Сервий рассказал о том, что он давно уже ищет Деция и Тукцию, и о всех своих невзгодах.
Старик усмехнулся:
— А помнишь, Марий много кричал перед войной о республике, сенате, Сципионе Эмилиане… А что получили плебеи?
И, помолчав, прибавил:
— Тогда к нам заходил Тиберий Гракх… Где он? А ведь хороший был юноша, честный, не брезгавший нами, бедняками… Где он, спрашиваю я тебя?
— Не знаю.
— А помнишь, как этот глупый Марий восхвалял богачей? — продолжал Афраний. — Один только Маний спорил с ним… А где теперь Маний?..
— Не знаю. Он ревновал меня к Тукции…
— И дурак! — вскипел старик. — Разве одна Тукция на свете? Эх вы, несмышлёные!.. А ты мог давно жениться, иметь детей, воспитывать их…
— Нет, — твёрдо сказал Сервий, — я могу быть счастливым только с Тукцией, а другой девушки мне не надо.
Афраний рассмеялся:
— Не обижайся, что я смеюсь. Но я думаю, что даже Венера смеётся над тобой… Да что Венера! Все боги хохочут на Олимпе!.. Слышишь?
Грохотал гром, сверкали молнии, заглядывая сверху в атриум, а старик вторил громовым раскатам весёлым хохотом. Когда вошла согбенная годами женщина со светильней в руке и Сервий бросился обнимать её, Афраний закричал:
— Слышишь, Марция, как боги хохочут над ним? Несколько лет он ищет пропавшую невесту и готов искать её до самой смерти.
— А ты не смейся, старый! — ворчливо сказала женщина, разжигая огонь в очаге. — Такая любовь угодна Венере и Весте. Она освещает путь, по которому идёт человек… И, когда ты найдёшь, Сервий, свою Тукцию, радостнее и счастливее жизни, чем у тебя, не будет ни у кого…
— Ну, ты всегда готова защищать влюблённых.
Между тем хлынул дождь, и потоки, проникая в хижину через комплювий[94] быстро наполняли цистерну. Сервий схватил ведро и принялся выливать воду за порог, а Марция поставила на огонь горшок, бросила в него несколько пригоршней гороху и кусок рыбы.
— Рыба свежая, только что из Тибра, — говорила она, подкладывая в огонь сухие чурки. — Такая будет похлёбка, какой не едали и цари!

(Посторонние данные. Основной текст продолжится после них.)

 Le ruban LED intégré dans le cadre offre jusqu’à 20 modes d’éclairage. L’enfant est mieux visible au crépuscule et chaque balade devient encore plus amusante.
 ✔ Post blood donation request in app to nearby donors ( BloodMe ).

Когда дождь совсем утих и сверху проглянуло голубое небо, а затем сверкнул острый, как золотое копьё, луч, Сервий обратился к старику:
— Что же мне посоветуешь, дедушка? Куда они могли уйти?
— Деций и Тукция?
— Они.
Афраний хитро улыбался:
— Они ушли в Сицилию, Сервий.
— Что ты говоришь, дедушка! — всплеснул руками Сервий.

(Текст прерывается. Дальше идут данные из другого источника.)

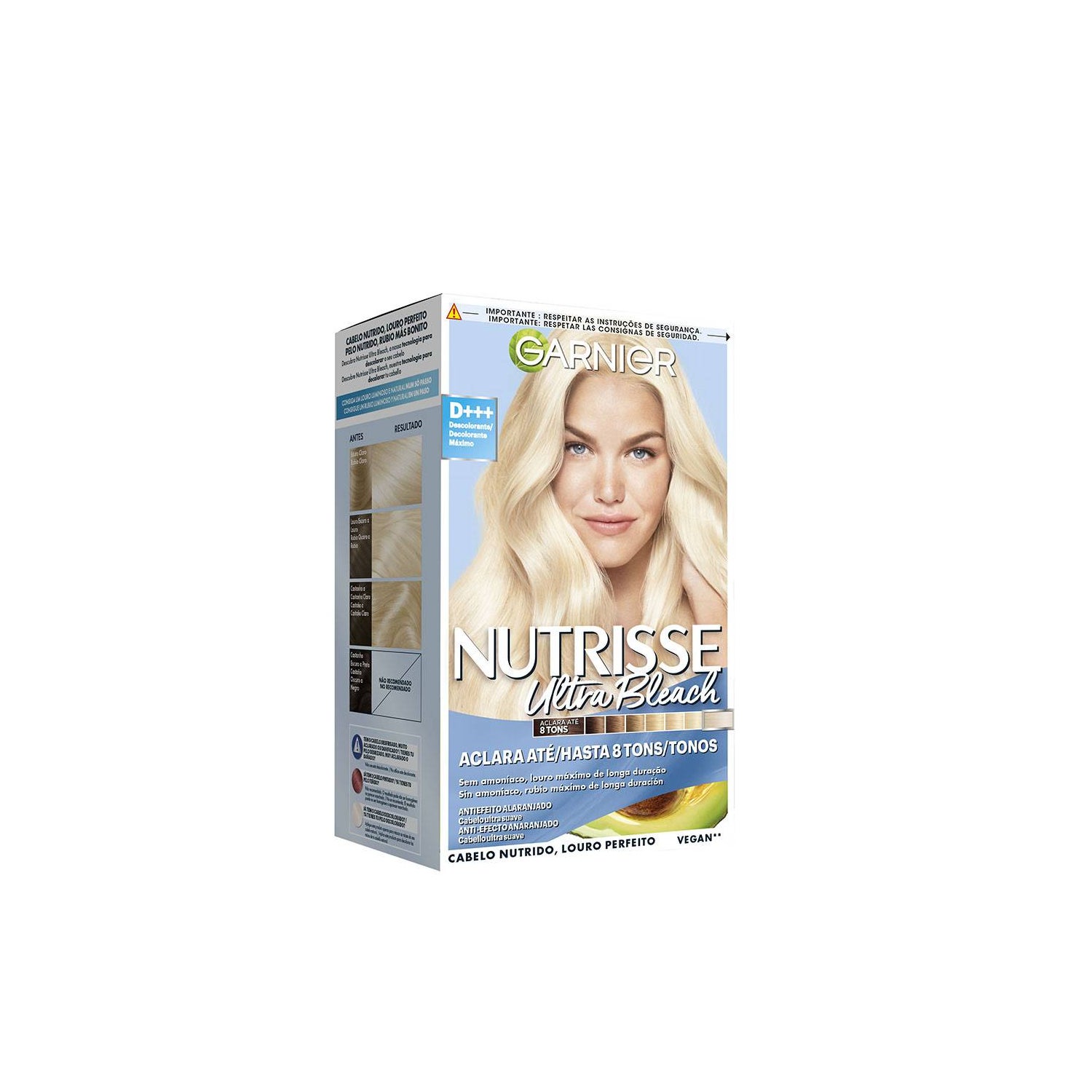 Garnier Kit Nutrisse Ultra Bleach D+++ Descolorante Máximo es un producto diseñado para lograr una decoloración intensa. Este kit incluye una fórmula que no solo se centra en aclarar el cabello, sino que también proporciona nutrición profunda gracias a su enriquecimiento con cinco aceites en el tratamiento reparador.

— Покидая Италию, они побывали в Риме, заглянули ко мне, своему земляку…
— Я так и подумал! О боги! Сколько времени я искал их… Почему же ты мне сразу не сказал?
С этого дня Сервий стал готовиться к отплытию в Сицилию.
* * *Незадолго до того, как покннуть Рим, Сервий был поражён, войдя однажды в атриум: два человека в дорожных плащах сидели на скамье, беседуя с Афранием. Вглядевшись в них, Сервий вскриклул от удивления:
— Тит и Маний!
— Привет, Сервий! — сказал Тит, сжимая его руку. — Как мы давно не виделись!
— Всё ищешь? — засмеялся Маний.
— Ищу, — спокойно ответил Сервий и отвернулся.
— Ищи, ищи! Когда невесте минет сто лет, тогда найдёшь её и женишься.
Сервий промолчал, не желая обижать хозяев ссорой. Но Маний не унимался — ядовитые слова так и сыпались с его языка:
— Если бы она тебя любила, то давно бы сообщила в Цереаты, где находится. Но она не думает о тебе… может быть, уже замужем. А может, ей запрещает писать Деций, этот старый башмак, место которого давно на помойке! Так ли это или нет, а ты всё ищешь… То-то будет смеху, когда узнают люди!
Не обращая внимания на Мания, Сервий обратился к Титу:
— Что привело вас в Рим? Как живут Марий и Фульциния? Что нового в Цереатах?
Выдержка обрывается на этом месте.